Most of us love red meat and enjoy a big juicy steak on the barbecue every weekend or so, but unfortunately, many contend that such a diet is a recipe for a disaster!
Does eating red meat increase the risk of dying from heart disease or cancer?
It’s a question that keeps coming up, fueled by research and high-profile campaigns by advocacy groups on both sides of the debate.
For heart disease, the answer is pretty clear. Some red meats are high in saturated fat, which raises blood cholesterol. High levels of LDL cholesterol increase the risk of heart disease.
When it comes to cancer, the answer is not so clear. Many researchers say it does raise the risk, especially for colorectal cancer.
A National Institutes of Health-AARP study of more than a half-million older Americans concluded that people who ate the most red meat and processed meat over a 10-year-period were likely to die sooner than those who ate smaller amounts. Those who ate about 4 ounces of red meat a day were more likely to die of cancer or heart disease than those who ate the least, about a half-ounce a day. Epidemiologists classified the increased risk as “modest” in the study.
In addition, with obesity becoming a crisis around the world, the food industry is increasingly looking at the formulation of low-energy density foods, and suggesting substituting meat for mushrooms.
Likewise, consumers are becoming more health-conscious, and many people also are taking a second look at the mushroom for its nutritional contribution and meat-like texture. Mushrooms have a rich quality that compares to the texture and mouth-like feel of meat.
In a medical study a few years ago, researchers reported that the consumption of mushroom entrees reduced daily energy and fat intakes by an average of 420 calories and 30 grams, over a four-day period.
Researches reported that the most intriguing finding was that subjects seemed to accept mushrooms as a palatable and suitable culinary substitute for meat. More importantly, those in the study didn’t compensate for the lower calorie mushroom meal by eating more food later in the day.
Also, scientists have found out that when mushrooms take the place of meat, meat-eating people of various sizes found that they were mushrooms were just as filling will far less calories.
More importantly, people on a low-carbohydrate mushroom-based diet lose more weight and have healthier blood-lipid profiles than those on a typical low-carb diet. That’s wonderful!

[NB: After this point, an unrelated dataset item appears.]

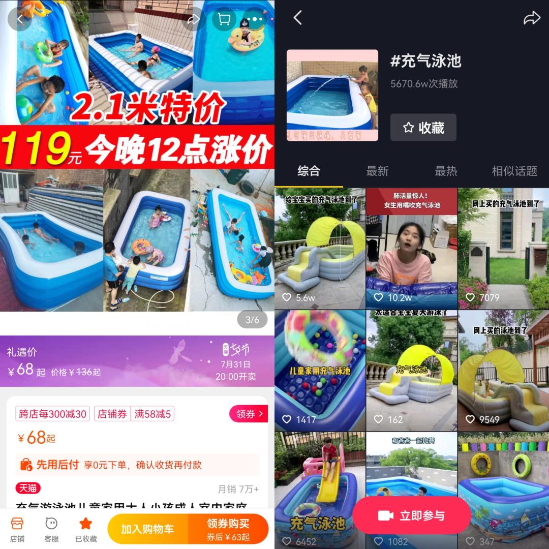 淘宝上,销量最高的充气泳池已经月销7万多件,小红书上有8000多篇相关的笔记,抖音上充气泳池的话题播放量也达到了5600多万次。
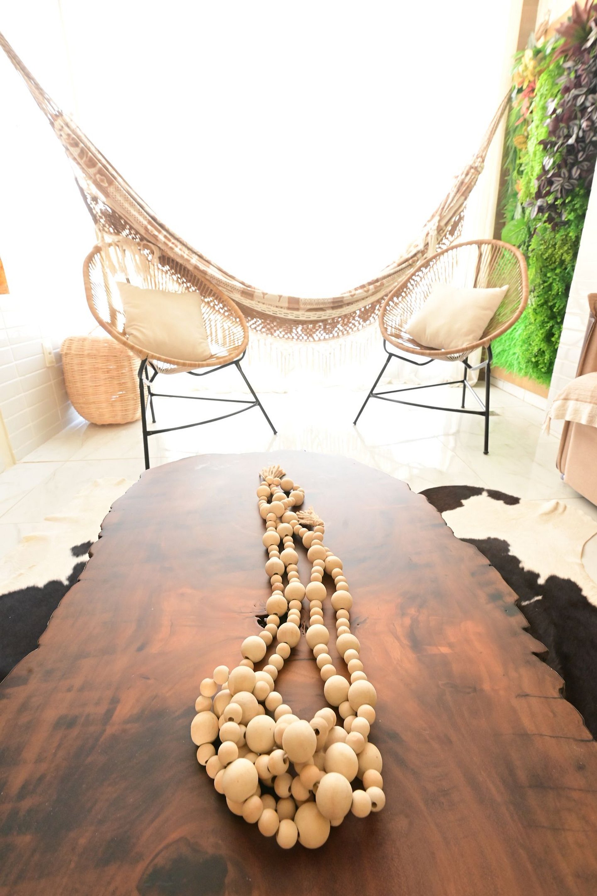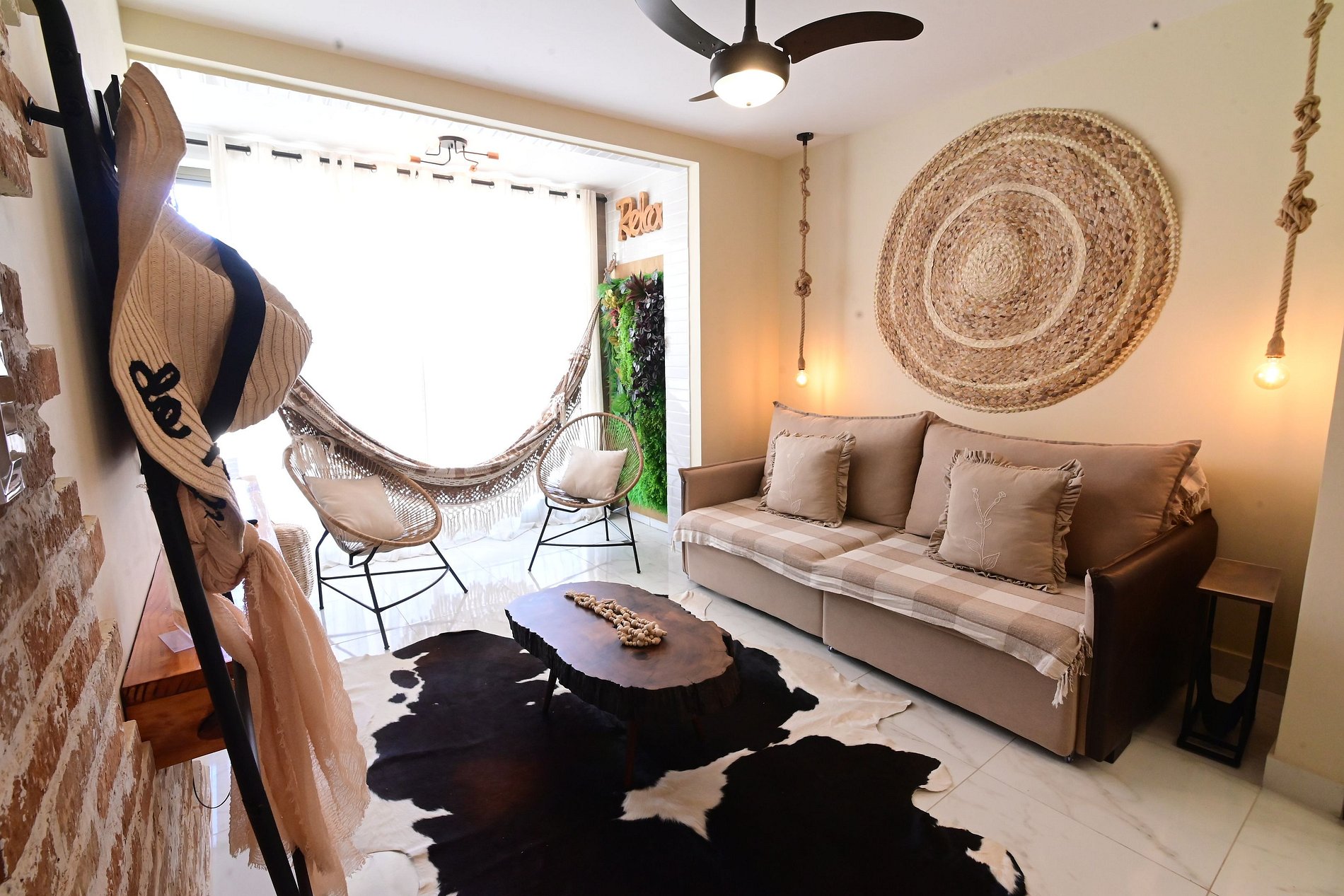 SALA DE JANTAR: com mesa grande para 6 pessoas; Sala de estar com TV Smart, sofá reclinável, cadeiras de descanso e ventilador de teto;

A good example of replacing a high-energy density food with a low-energy one is replacing hamburger with a large Portobello mushroom on a burger. Portobellos are shaped like a burger and have a meaty, heavy texture that’s filling. Many restaurants offer Portobello mushroom burgers as a vegetarian option on their menu.
Mushrooms are a tasteful meat replacement food item. You can grill, toast, boil or fry. Basically, mushrooms are an incredible choice for a variety of situations. Fresh mushrooms fit into every day part, every cuisine and every diet!